Group approves trespass ban policy


Published: Thursday, January 31, 2008 at 6:01 a.m.
Last Modified: Thursday, January 31, 2008 at 12:02 a.m.

In an effort to curb violence downtown associated with drinking, the Gainesville Downtown Owners and Tenants association adopted a policy Wednesday that could effectively ban patrons from every bar and restaurant downtown for a year if they get involved in violence.

The board of directors of the downtown association voted Wednesday to enter into an agreement with the Gainesville Police Department that could make any trespass order that arises over violence apply to all downtown businesses.

So if police are called about a fight at a downtown bar, the owner of that bar could impose on the person involved in the fight a trespass warning that would ban that person from the premises for a year. That ban would apply to every bar and restaurant that signs up to be included in the agreement.

Several representatives from area bars and restaurants attended the meeting Wednesday and expressed interest in joining the list. Others in attendance made comments indicating that bars and restaurants near the university in the midtown area, as well as establishments elsewhere in the city, would be interested in being included.

"We obviously don't want to make it so that downtown is the place where nonviolent people go, and all the violent people go to midtown," said Capt. Lonnie Scott with the Gainesville Police Department.

And while the focus of the agreement is on violence and weapons, some of those at the meeting questioned whether it should also pertain to offenses such as narcotics and panhandling.

But Ken McGurn, a local developer who spearheaded the effort to get the policy in place, as well as Scott with GPD, said it would be better to keep the policy focused on violence and leave other crimes to be dealt with on a case-by-case basis.

"We've had people get shot and killed downtown," McGurn said. "We have people bringing their knives and their guns downtown supposedly to protect themselves . . . Let's keep this focused. Let's keep it simple."

City Manager Russ Blackburn attended the meeting Wednesday, and several attendees said they hoped the city might follow suit and make the policy apply to public areas like the downtown parking garage and the community plaza.

Blackburn said his staff will be looking into it.

"Obviously, we're in a unique position because it is public property, where trespass typically pertains to private property," he said. "We can trespass people from public property, but the threshold is pretty high."

Scott with GPD said the policy could go into effect within the next few weeks, as soon as officials are able to compile a list of all the businesses that wish to be involved and can set up a system for tracking those who are banned.

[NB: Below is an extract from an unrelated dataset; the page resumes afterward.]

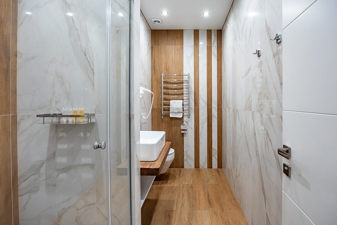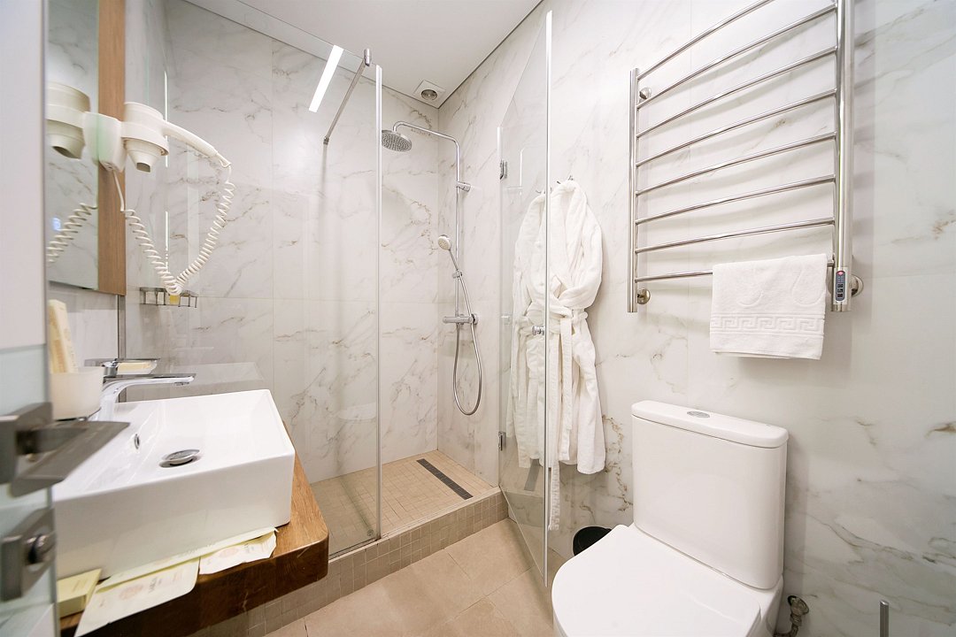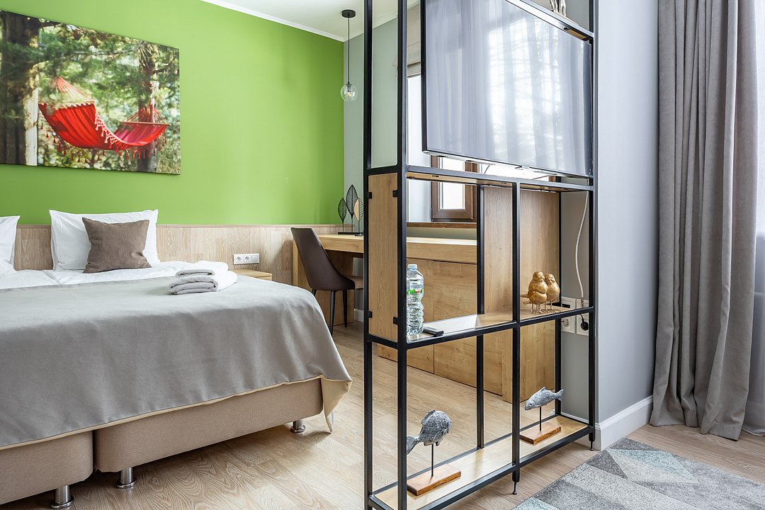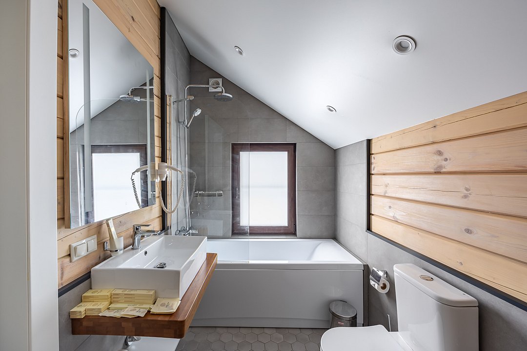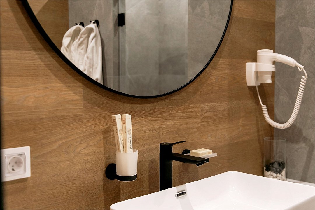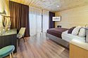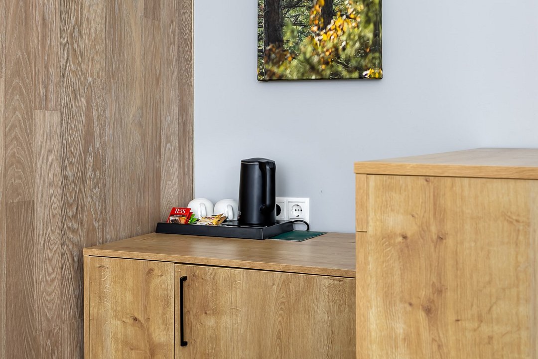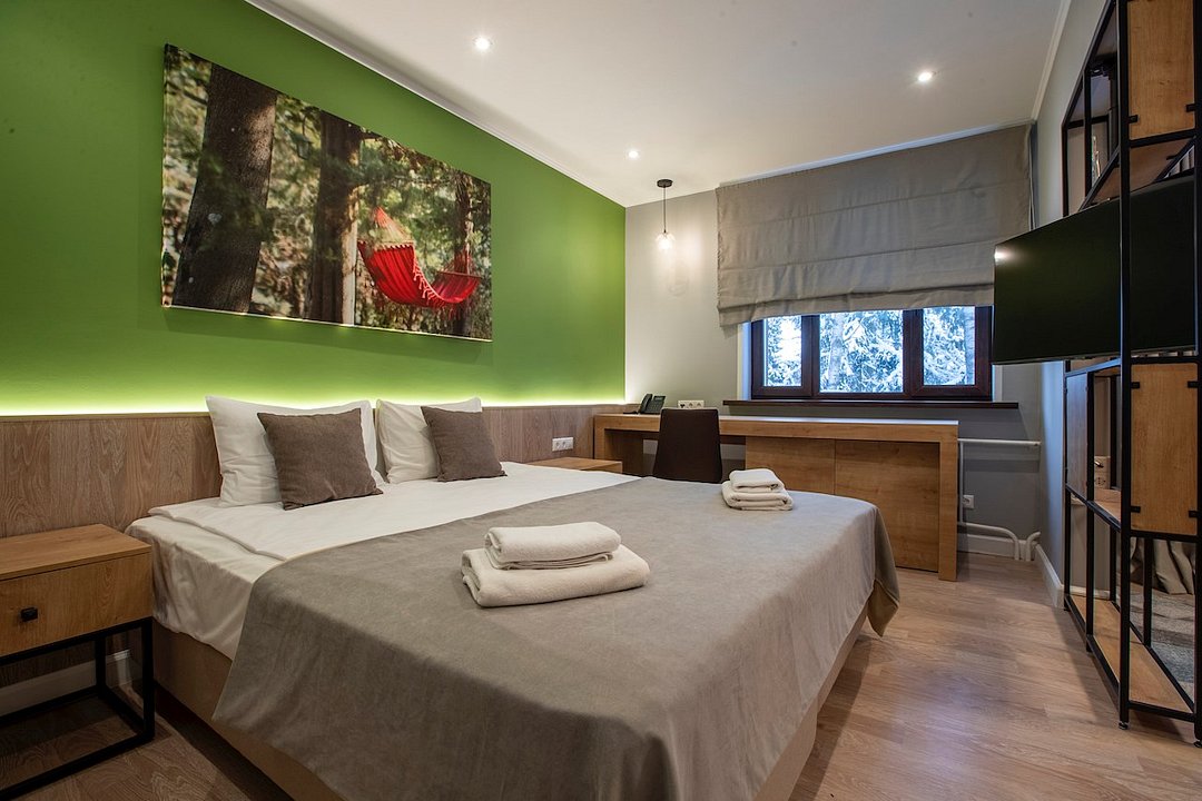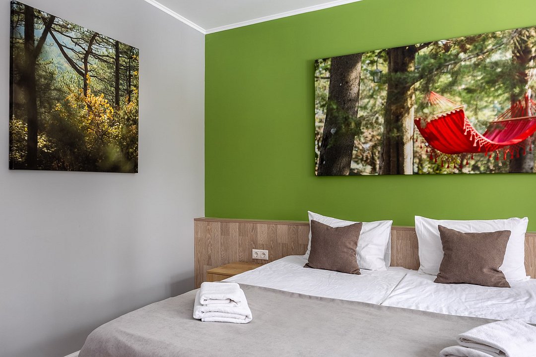 Wi-Fi, холодильник, кондиционер, фен, душевая кабина, теплый пол, банные принадлежности, халаты, банные полотенца, тапочки, гигиенические средства, две односпальные или большая двуспальная кровать, диван, тумбы, стулья, шкаф для одежды, вешалки, письменный стол, зеркало, чайный набор, чайник, унитаз, раковина, отопление, туалетные средства, туалет, диван-кровать, телевизор со Smart TV, вид на лес, гигиенический душ, шапочка для душа, мыло, можно с питомцамиВ гостиничном номере

The idea is that all the businesses involved will receive the photo and name of each person who is banned for violence, and that trespass would be effective for one year. Businesses that sign up to be part of the agreement can make exceptions for certain patrons, if desired, but it must be put in writing and provided to the police department.

Managers from 101 Downtown were among those in attendance Wednesday. They said they have not yet had any violence break out at their establishment, but are in support of any measure that might prevent violence in the future.

"We're pretty excited about the possibilities and what could come from this," said manager Ryan Prodesky. "We hope this can make the downtown safer for everyone."